Revenge of the Middle-Aged Woman Read online

Page 4


  ‘Everybody’s grumbling about it. There’s a protest meeting being organized.’

  This information excited Mr Sears so much that he took his first mouthful and I relaxed.

  Ours was a carefully developed friendship, which had taken years to mature. Before he had become housebound, Mr Sears had spent his days riding the buses. They were his passion and he had mastered the network of interconnecting routes, a king of the city. What he did not know about timetables, tickets and bus territory nobody knew. So, in a small way, I had made buses my business too. I told him about breakdowns, the latest adverts I had seen pasted on to their sides, and sometimes swung by the depot in Stockwell to give him an update.

  Mr Sears’ other great passion was Parsley, who treated number nine as her second home. If the subject of buses ran out, we talked about her and Ginger, the cat Mr Sears had once had.

  I checked up on the rota to see which of his Homecare nurses would put him to bed. ‘Marilyn’s coming this evening, Mr Sears. She’s the one you like.’ I heard that falsely cheerful note creep into my voice. It made me wince.

  Mr Sears shot me a look.

  ‘I hope you enjoy your lunch,’ I said.

  ‘Chicken gives me a headache,’ he said, to punish me.

  Immediately after we had eaten, Sam left Lakey Street, and I insisted that Nathan and I took our coffee out into the garden. ‘See?’ I said, flinging open the french windows. ‘Perfect’

  The first growth of the Buff Beauty was struggling for space through the bullying Solanum jasminoides. The Marie Boisselot clematis had already put out a few leaf buds and the Rambling Rector rose was readying itself to dust, later, in the spring, its tiny creamy buds – like Poppy’s baby fist along the fence. In fact, all the plants were poised to shake out their plumage for their annual show. Lavendula ‘Nana alba’, Artemisia nutans ‘Silver Queen’ – my lovely, tender children. I almost forgot the olive tree in the stone pot. That, too, had a silvery gleam in the thin light.

  During the winter, moss had edged over the stones and colonized the bench. They required dousing and scrubbing with disinfectant and I fetched a bucket. Nathan scuffed the patio with his shoe, revealing grubby streaks of the stone underneath.

  ‘You’ve been very quiet, Nathan.’ I scrubbed at the bench and wiped it over with a cloth. He watched me.

  ‘It’s far too cold.’ He sat down but did not look at me and I wondered if he was angry with me.

  I tried again. ‘I think I saved the clematis.’

  ‘I don’t know why you’re obsessed with white. Can’t we ever have a bit of colour to liven things up?’

  It had crossed my mind more than once that Nathan was jealous of the garden. ‘I don’t know. I love white – but maybe as a change I could go for red.’

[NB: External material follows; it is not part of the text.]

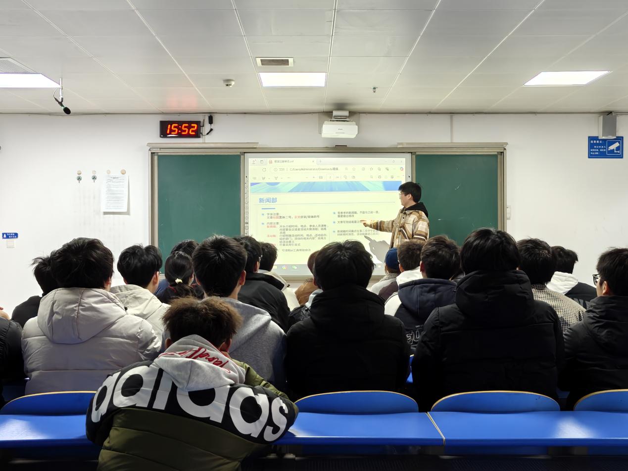 汪俊杰聚焦宣传实务,重点讲解写稿与排版技巧,明确新闻稿标题、导语、主体撰写要求,强调稿件真实简洁、重点突出,同时讲解字体、行距、配图等排版规范,要求成员提升稿件呈现质感,增强传播效果。

  Now Nathan said something that struck me as strange. ‘I don’t think I’ve ever understood you, Rosie.’

  It was too serious a statement not to treat it as a joke. ‘You don’t have to.’ I leant over and kissed him. ‘That’s part of my mystery’

  ‘Don’t be silly.’

  Why did I love white in a garden? No doubt some of the books that passed over my desk offered explanations of the white period in a gardener’s history. Picasso had had a blue one, and plenty of print had been devoted to analysing it. Perhaps white gardens revealed an unconscious yearning for purity. More likely, the fat, innocent buds butting their way through chocolate earth, the tender, reliable goodness of a garden, provided a direct contrast to what took place in the world. Yet any fool can tell you that it is not the answers which are significant, but the garden itself. My white beauties traced pathways over rotting fences and spread their cool canopies over tired city soil. It may be true that I was gripped by the longing for clarity and resolution that white suggests, which I could not explain to Nathan, but it was the visible beauty that was the real point.

  Nathan stood up. ‘I’m going indoors.’

  ‘Would you like to go for a walk? I can do this another time.’

  ‘No. I know you want to tackle the moss. I might take myself off for a stroll.’

  ‘Fine.’

  I refilled the bucket at the outside tap, poured in disinfectant then got down on my hands and knees and began to scrub. The disinfectant was astringent and clean-smelling and made my skin tingle. Nathan moved about inside the house. He washed something up, made a phone call, and then I heard the bang of the front door.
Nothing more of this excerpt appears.